(Data extracted from a collection)
----

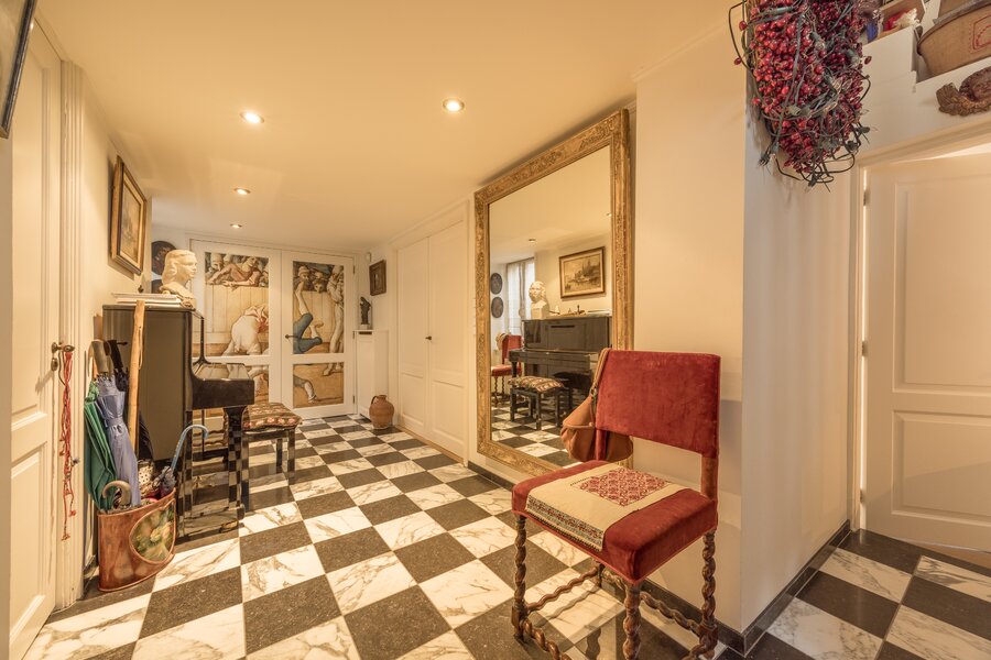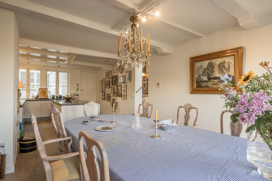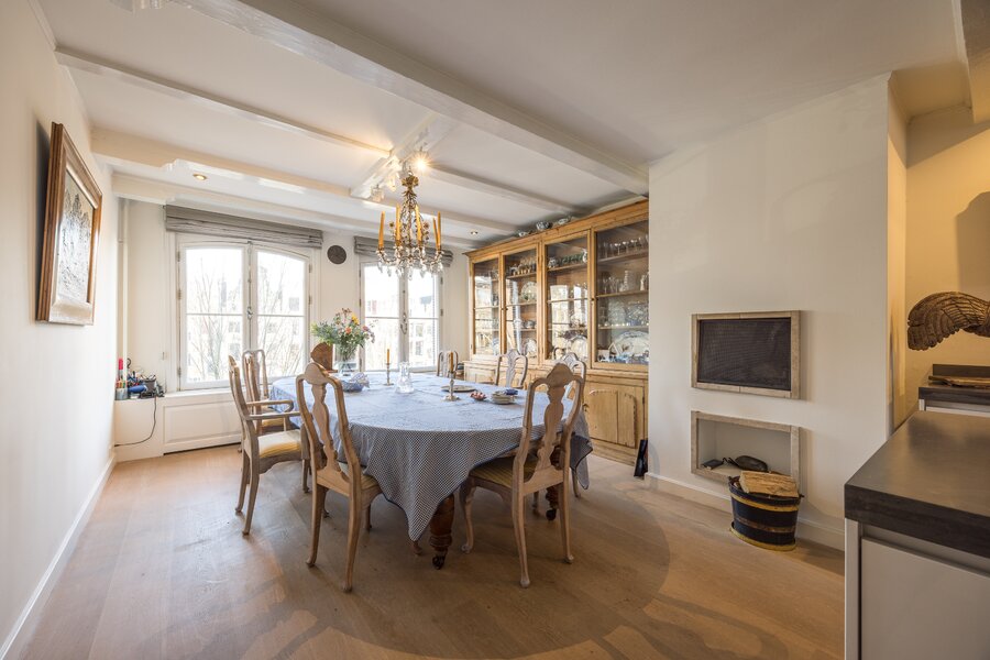 The apartment is spread over three levels and is distinguished by its impressive 9-meter-wide façade with four large windows, its warm and inviting atmosphere, and its timeless, high-quality finishes. Located in a well-maintained building with an elevator, it offers abundant natural light and a large, sunny terrace at the rear, with expansive views of the Westerkerk tower, an exceptionally rare outdoor space of this size in the heart of the city.
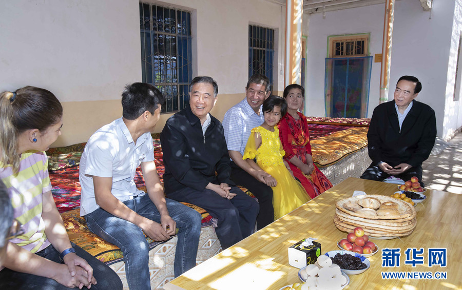 6月8日至12日,中共中央政治局常委、全國政協(xié)主席汪洋在新疆調(diào)研。這是6月11日,汪洋在喀什調(diào)研時與當(dāng)?shù)卮迕裼H切交談。 新華社記者 李濤 攝
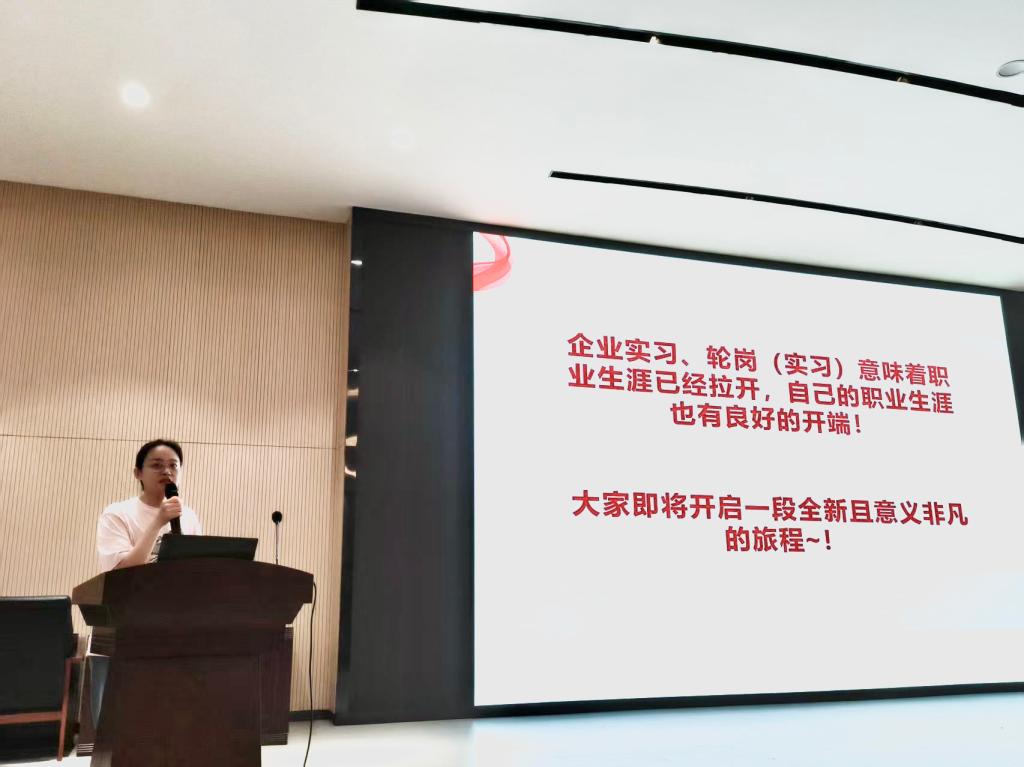 专业负责人黄蓉老师围绕实习的核心任务和专业技能提升目标进行了详细讲解。她深入解读了实习期间的具体要求、工作内容及考核标准,帮助同学们清晰规划实习期间的学习路径。黄老师特别强调,进入企业实习是宝贵的学习机遇,鼓励同学们要积极主动:主动向企业师傅请教学习,深入参与实际生产项目,在真实工作环境中不断拓展专业视野,提升解决实际技术问题的能力,为未来职业发展打下坚实基础。辅导员李叁斗老师从学生管理和关怀角度出发,重点强调了实习期间的纪律要求与安全注意事项。他结合实例,细致叮嘱同学们务必严格遵守实习单位规章制度和生产操作规程,时刻将人身安全、财产安全、操作安全放在首位。李老师还特别提醒同学们要尽快适应新环境,保持积极心态和良好沟通方式,遇到任何困难或疑问,务必及时向校内指班主任、辅导员、专业老师或企业师傅反馈,确保实习过程安全、顺利。
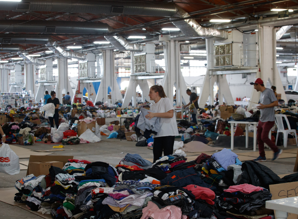 5月6日,在巴西南里奥格兰德州新汉堡,志愿者在避难所内为受灾民众分发救灾物资。新华社发(克劳迪娅·马尔提尼摄)
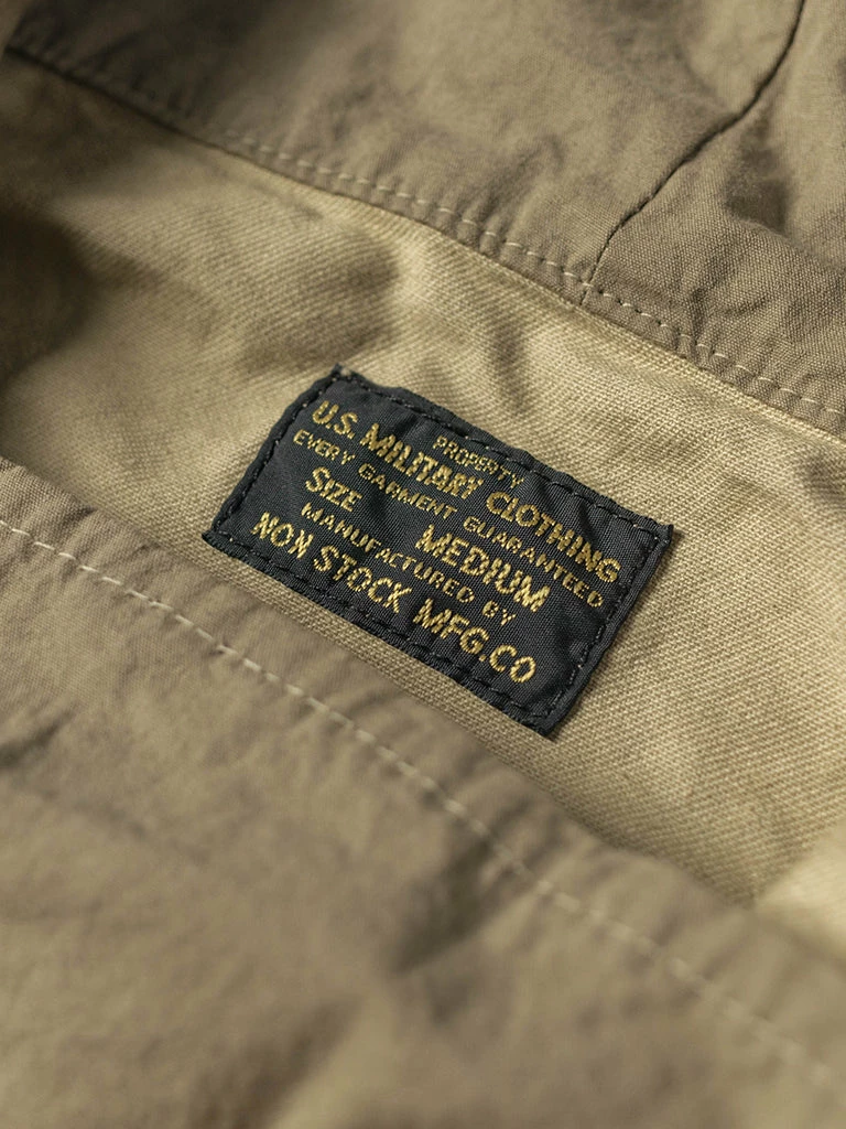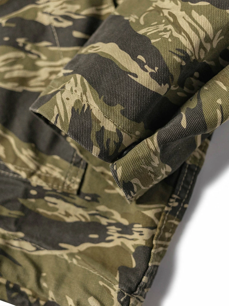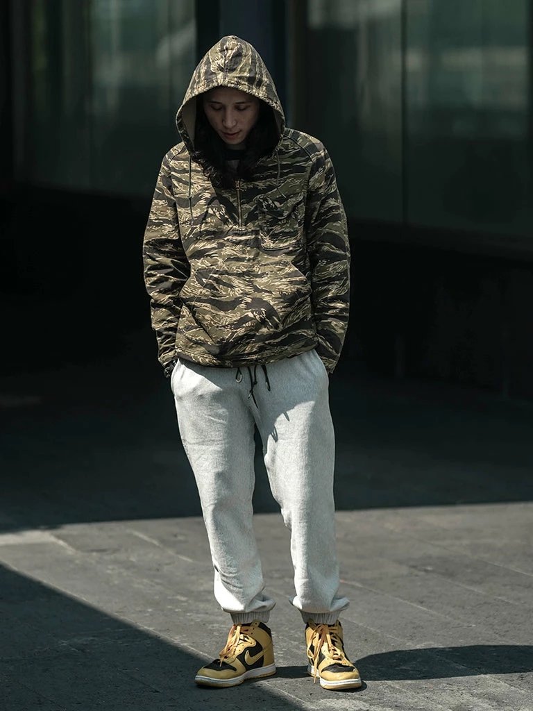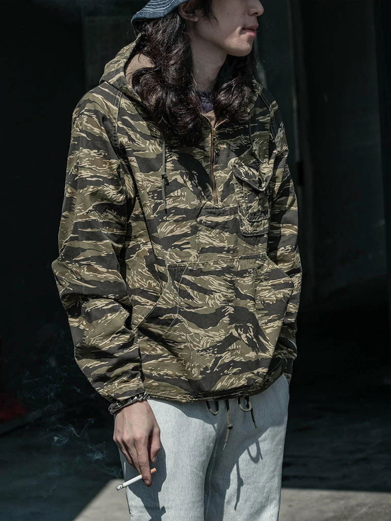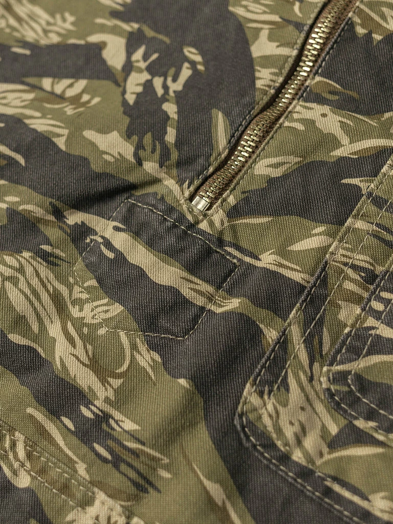 Based on jungle raincoat smock. This smock has a loose silhouette, a huge hood, a small chest pocket for important items, a large pocket at the waist (Through the type), and a drawstring to tighten the hem. This smock adopts the famous golden tiger stripe in the Vietnam War’s tiger camouflage, adopts cotton twill fabric and multiple color printing process, and has a retro charm after long washing and fading.
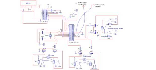 Módulo de receptor RF XBee es responsable de recibir las señales inalámbricas, mientras que la señal se aplica a los datos del decodificador HT12D a través del pin de datos del XBee. HT12D decodificador convierte esto en datos en paralelo para obtener la señal original enviada. Para el procesamiento posterior, este datos en paralelo se dan al microcontrolador ATmega328. Genera un código de 4 bits para controlar servo motores para realizar izquierda, derecha, adelante o hacia atrás del movimiento.
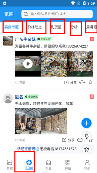 3、如果您希望与纸厂老板进行线下交易,可以点击下方的纸圈,进入纸厂的社交圈,在那里关注纸厂老板的需求动态。这样不仅可以了解到货物的数量,还能对当月的废纸信息进行分析。
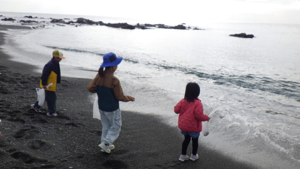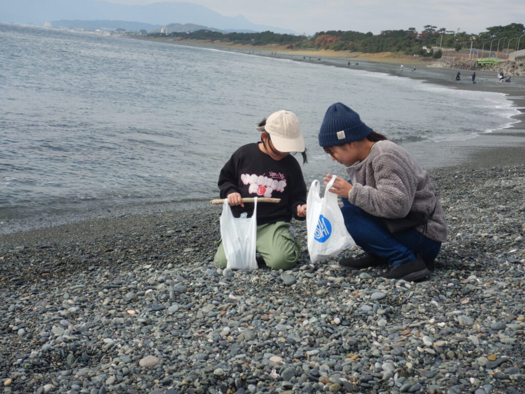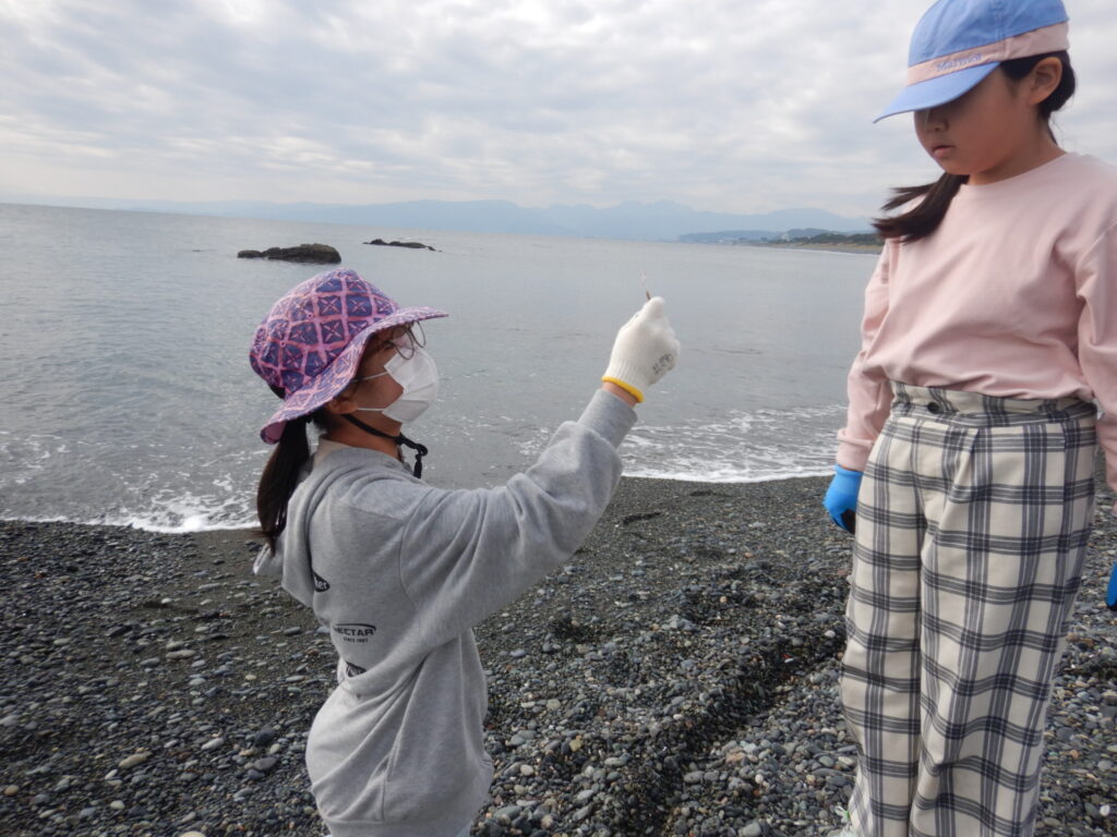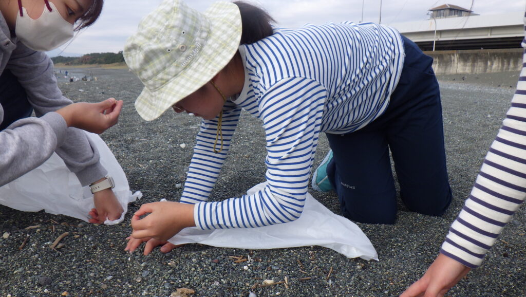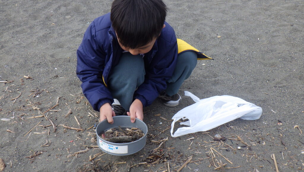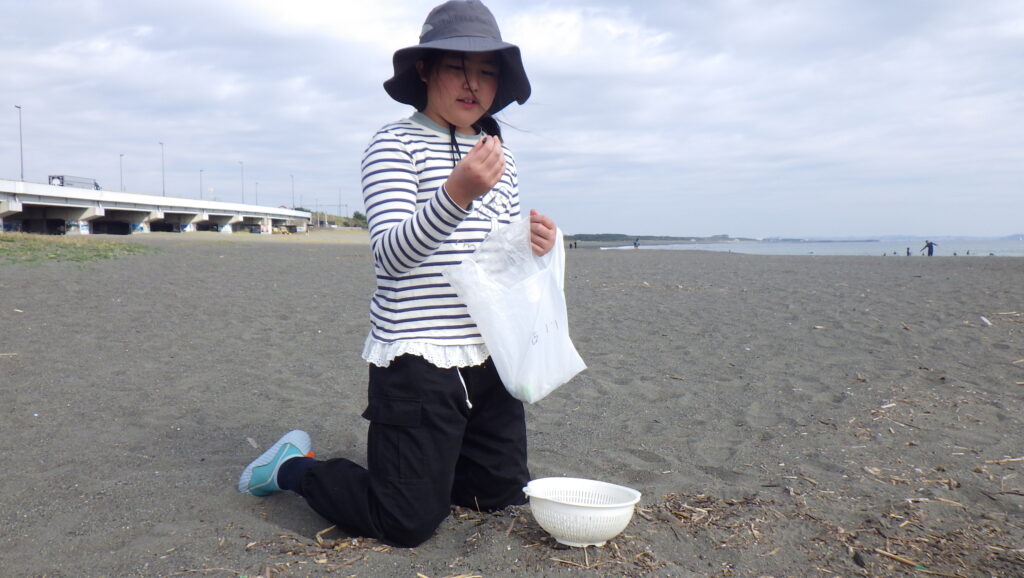 続いて訪れた砂浜が広がる海岸では、貝殻やマイクロプラスチック、漂着ゴミを拾い集めました。
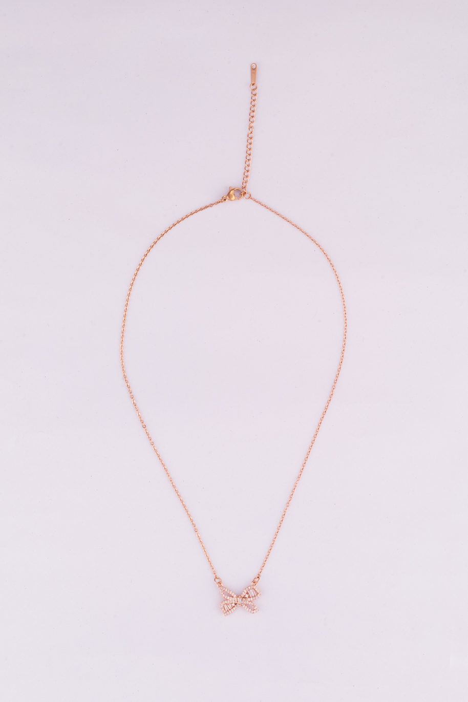 Stylish necklace featuring a delicate bow design embellished with sparkling AD stones
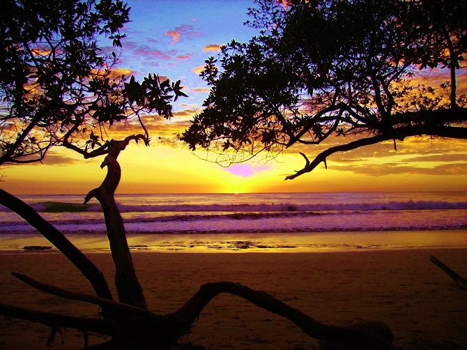 Avellanas é uma extensa praia de areia branca. É bem “roots” e muy bonita, muy tranquila! É também considerada um dos melhores locais para surfar na Costa Rica. Little hawaii, localizado ao norte da praia, na boca do rio, é o ponto favorito dos surfistas locais e dos mais experientes. Para quem não surfa, como é o meu caso, a praia é perfeita para tomar sol, fazer caminhadas ou simplesmente contemplar. Lá, admirei o pôr-do-sol mais bonito que eu já vi, foi inesquecível!
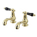 Crafted in commendations to English nobility, the exemplary design of this faucet manifests regality and elegance with its black porcelain handles. Basin tap faucets are a traditional design that allows users to mix water to their desired temperature within the sink basin. With lever handles for ease of use, the perfect temperature can be acquired with the separate cold and hot water taps. The Duchess Basin Tap Faucet and its featured sturdy brass construction and premium polished brass finish are guaranteed to glamorize your home's traditional ensemble for years to come. Glamorize your home today with the traditional elegance of this faucet.

----

§ **Required action**
Give back the records above exactly. Pictures stay out.

§ **Output for this task**
 The apartment is spread over three levels and is distinguished by its impressive 9-meter-wide façade with four large windows, its warm and inviting atmosphere, and its timeless, high-quality finishes. Located in a well-maintained building with an elevator, it offers abundant natural light and a large, sunny terrace at the rear, with expansive views of the Westerkerk tower, an exceptionally rare outdoor space of this size in the heart of the city.
 6月8日至12日,中共中央政治局常委、全國政協(xié)主席汪洋在新疆調(diào)研。這是6月11日,汪洋在喀什調(diào)研時與當(dāng)?shù)卮迕裼H切交談。 新華社記者 李濤 攝
 专业负责人黄蓉老师围绕实习的核心任务和专业技能提升目标进行了详细讲解。她深入解读了实习期间的具体要求、工作内容及考核标准,帮助同学们清晰规划实习期间的学习路径。黄老师特别强调,进入企业实习是宝贵的学习机遇,鼓励同学们要积极主动:主动向企业师傅请教学习,深入参与实际生产项目,在真实工作环境中不断拓展专业视野,提升解决实际技术问题的能力,为未来职业发展打下坚实基础。辅导员李叁斗老师从学生管理和关怀角度出发,重点强调了实习期间的纪律要求与安全注意事项。他结合实例,细致叮嘱同学们务必严格遵守实习单位规章制度和生产操作规程,时刻将人身安全、财产安全、操作安全放在首位。李老师还特别提醒同学们要尽快适应新环境,保持积极心态和良好沟通方式,遇到任何困难或疑问,务必及时向校内指班主任、辅导员、专业老师或企业师傅反馈,确保实习过程安全、顺利。
 5月6日,在巴西南里奥格兰德州新汉堡,志愿者在避难所内为受灾民众分发救灾物资。新华社发(克劳迪娅·马尔提尼摄)
 Based on jungle raincoat smock. This smock has a loose silhouette, a huge hood, a small chest pocket for important items, a large pocket at the waist (Through the type), and a drawstring to tighten the hem. This smock adopts the famous golden tiger stripe in the Vietnam War’s tiger camouflage, adopts cotton twill fabric and multiple color printing process, and has a retro charm after long washing and fading.
 Módulo de receptor RF XBee es responsable de recibir las señales inalámbricas, mientras que la señal se aplica a los datos del decodificador HT12D a través del pin de datos del XBee. HT12D decodificador convierte esto en datos en paralelo para obtener la señal original enviada. Para el procesamiento posterior, este datos en paralelo se dan al microcontrolador ATmega328. Genera un código de 4 bits para controlar servo motores para realizar izquierda, derecha, adelante o hacia atrás del movimiento.
 3、如果您希望与纸厂老板进行线下交易,可以点击下方的纸圈,进入纸厂的社交圈,在那里关注纸厂老板的需求动态。这样不仅可以了解到货物的数量,还能对当月的废纸信息进行分析。
 続いて訪れた砂浜が広がる海岸では、貝殻やマイクロプラスチック、漂着ゴミを拾い集めました。
 Stylish necklace featuring a delicate bow design embellished with sparkling AD stones
 Avellanas é uma extensa praia de areia branca. É bem “roots” e muy bonita, muy tranquila! É também considerada um dos melhores locais para surfar na Costa Rica. Little hawaii, localizado ao norte da praia, na boca do rio, é o ponto favorito dos surfistas locais e dos mais experientes. Para quem não surfa, como é o meu caso, a praia é perfeita para tomar sol, fazer caminhadas ou simplesmente contemplar. Lá, admirei o pôr-do-sol mais bonito que eu já vi, foi inesquecível!
 Crafted in commendations to English nobility, the exemplary design of this faucet manifests regality and elegance with its black porcelain handles. Basin tap faucets are a traditional design that allows users to mix water to their desired temperature within the sink basin. With lever handles for ease of use, the perfect temperature can be acquired with the separate cold and hot water taps. The Duchess Basin Tap Faucet and its featured sturdy brass construction and premium polished brass finish are guaranteed to glamorize your home's traditional ensemble for years to come. Glamorize your home today with the traditional elegance of this faucet.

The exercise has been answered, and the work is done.